It's mildly amusing to see Andrew Sullivan mournfully assert, in the context of discussing National Review's increasingly tight editorial embrace of unlimited executive authority, that the magazine has abandoned the principles of William F. Buckley Jr., considering that a tight editorial embrace of Francoism generally and Generalissimo Franco personally was among the principles upon which Buckley founded NR.
Kudos to Andrew nonetheless for flagging this embarrassing paean to torture by Deroy Murdock that appeared in National Review Online a few days ago.
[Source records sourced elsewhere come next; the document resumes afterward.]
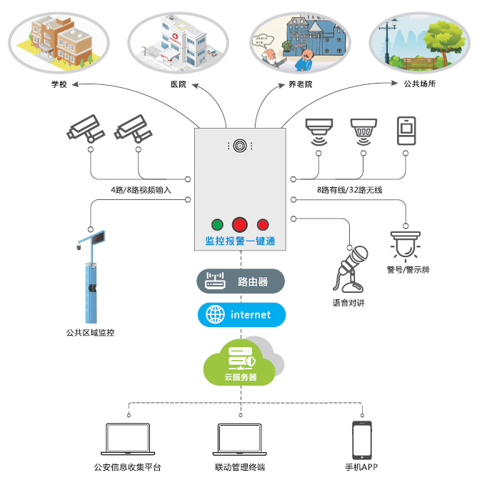 校园一键式紧急报警系统美安科技基于云计算、物联网技术、移动互联网技术为一体的专门适用于在校人员紧急求救的视频报警联网平台。
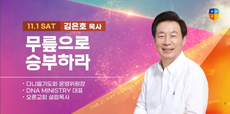 오륜교회 설립자이자 다니엘 기도회 운영위원장이신 김은호 목사님께서 21일 기도회를 인도하십니다. 성령으로 충만하고 영적으로 강건하시길 기도해 주세요. 대표 저서로는 다니엘 프로젝트, 하나님과 동행하는 삶, 당신이 기도했으면 좋겠습니다 등이 있습니다.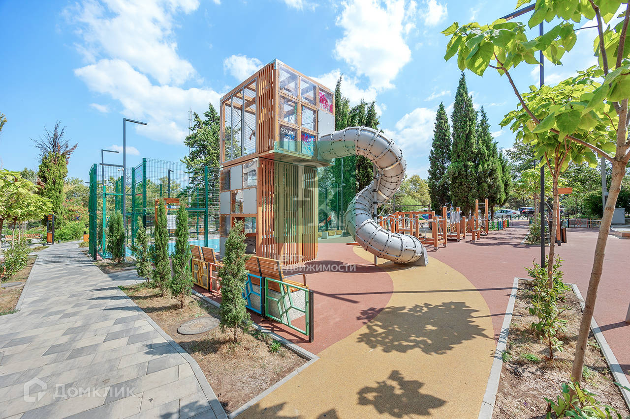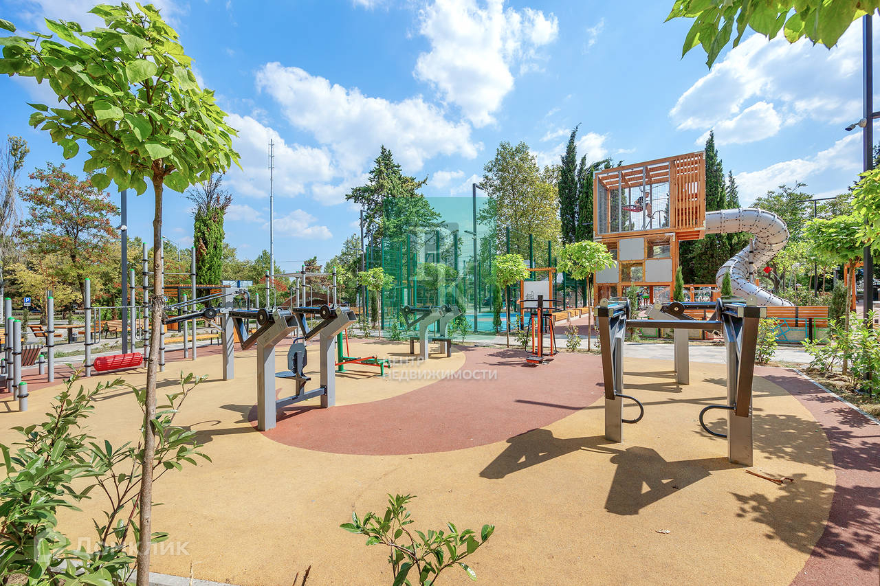 Сразу за домом в прошлом году благоустроили новую зеленую зону - сквер с современными игровыми, детскими и спортивными площадками, деревянными лавочками и качелями для отдыха.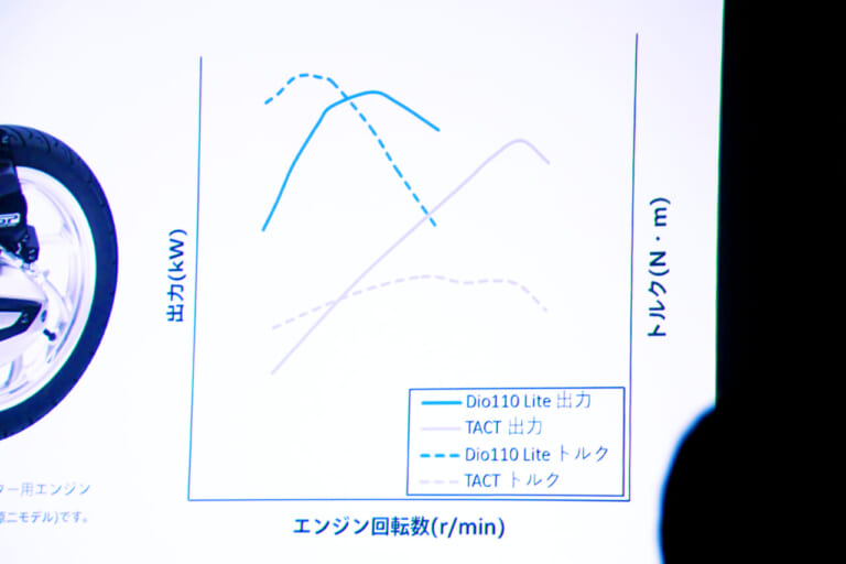 ホンダの50ccガソリン原付「タクト」と新基準原付「Dio110 Lite」のエンジン性能曲線の比較。同じ出力を発揮する際のエンジン回転数は新基準原付のほうがかなり低く、トルクにいたっては段違い。新基準原付のエンジンは本来の設計寿命よりも長く使える可能性が高い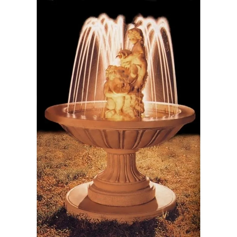 Wasser fließt in der Mitte und an der Seite in das darunter liegende Becken oder Becken. Einer der größten Springbrunnen mit mehreren Entwässerungsquellen, der ein lautes Geräusch von fallendem Wasser erzeugt. Ein repräsentatives Produkt, das als Mittelpunkt zur Dekoration größerer Räume verwendet wird. In Kombination mit Halogenbeleuchtung ergibt sich ein elektrisierender visueller Effekt, der schon von weitem Aufmerksamkeit erregt. Das Produkt ist perfekt für einen Teich, es kann auch auf einer trockenen Oberfläche platziert werden. Die klassische Form des Brunnens ist perfekt für jeden Garten, Park, Restaurant oder Wohnhaus. Mittelgroßer Springbrunnen für den Außen- und Innenbereich. Wird komplett mit einem Ring mit Fontänendüsen geliefert. Es hat zwei Wasserausflussquellen, die ein schönes Wassergeräusch und einen auffälligen visuellen Effekt erzeugen. Der Springbrunnen ist perfekt für eine trockene Oberfläche, in der Privatsphäre von kleinen und mittelgroßen Gärten. Es wird auch in Teichen verwendet.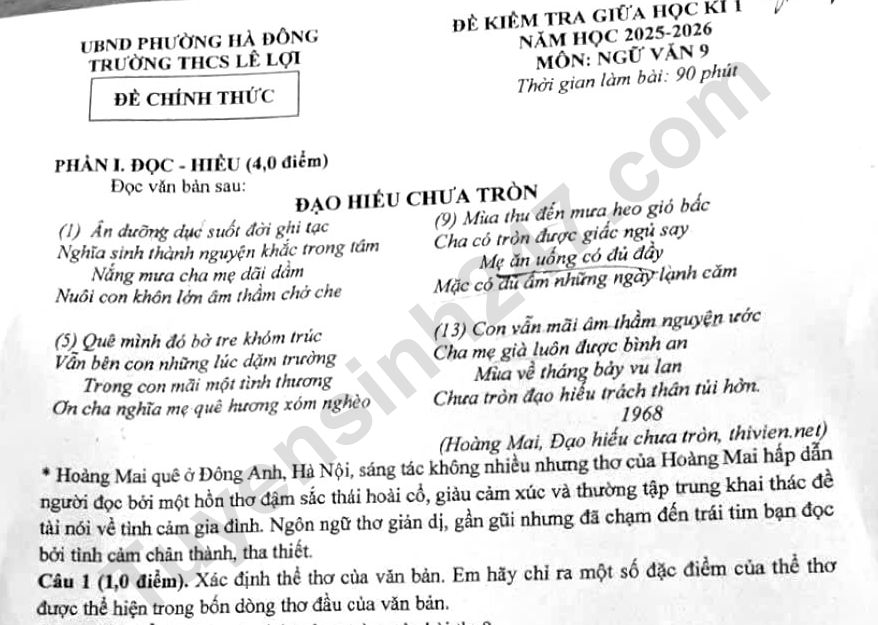 Đề thi giữa kì 1 lớp 9 môn Văn 2025 - THCS Lê Lợi Câu 1 (1,0 điểm). Xác định thể thơ của văn bản. Em hãy chỉ ra một số đặc điểm của thể thơ được thể hiện trong bốn dòng thơ đầu của văn bản. Câu 2 (0,5 điểm). Nêu cảm hứng bao trùm của bài thơ? Câu 3 (1,0 điểm). Nêu hiệu quả nghệ thuật của biện pháp tu từ ẩn dụ được thể hiện trong những dòng thơ sau: “Nắng mưa cha mẹ dãi dầm Nuôi con khôn lớn âm thầm chở che"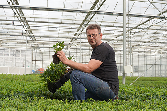 'We moeten planten niet béter maken, maar weerbaarder maken'. Raymond Haarman herhaalt deze zin een aantal keren tijdens het gesprek. En ook de volgende zin gaat meermaals over tafel: 'We moeten als kwekers minder met ziektebestrijding en meer met gewasgezondheid bezig zijn.' Het is duidelijk dat het thema plantweerbaarheid de boomkweker volop bezighoudt. ,,Ik denk dat deze omslag in denken bij mij een jaar of tien geleden is ingezet. Door een slimmer samenspel van klimaatbeheersing, bemesting en preventieve biologische gewasbescherming kunnen we planten sterker maken en minder afhankelijk van curatieve chemische middelen. Bovendien zijn we met deze aanpak toekomstbestendiger. Onze afnemers – en ook zijn klanten – willen dat we steeds meer vergroenen in onze gewasbescherming'', zegt hij tijdens een ronde door de kassen.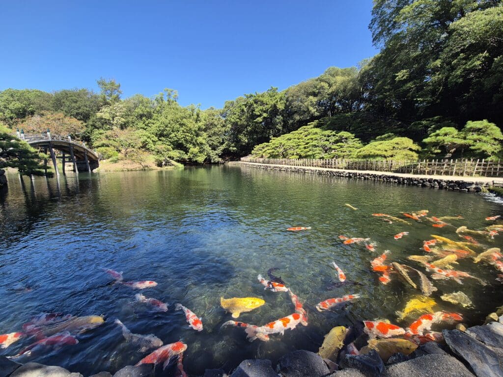 아침부터 일본최대의 공원 리쓰린 공원에서 여유롭게 산책하면서 물고기 밥 줄 예정

Murdock's argument is that:
1) Khalid Sheik Muhammad is a very bad man
2) He was waterboarded
3) He consequently sang like a canary
4) His torturers aver that torturing him helped lead to the apprehension of a number of other VBMs (such as the scourge of Highland Park, Jose Padilla)
5) Torturing Khalid Sheiik Muhammad saved countless many lives
Minor conclusion: "Waterboarding is something of which every American should be proud." Major conclusion: "President Bush [should] reinstate waterboarding, proudly and publicly, so America can get the information we need to prevent Muslim-fanatic mass murder and win the Global War on Terror." Jewcy's readers are invited to play spot-the-fallacy. (Allow me, on a peremptory note, to allay Murdock's fears: We are quite likely engaged in an array of innovative, unconscionable intelligence-gathering activities this very moment; and surely, as soon as we've become more inhuman than our enemies, victory in the GWOT is at hand.)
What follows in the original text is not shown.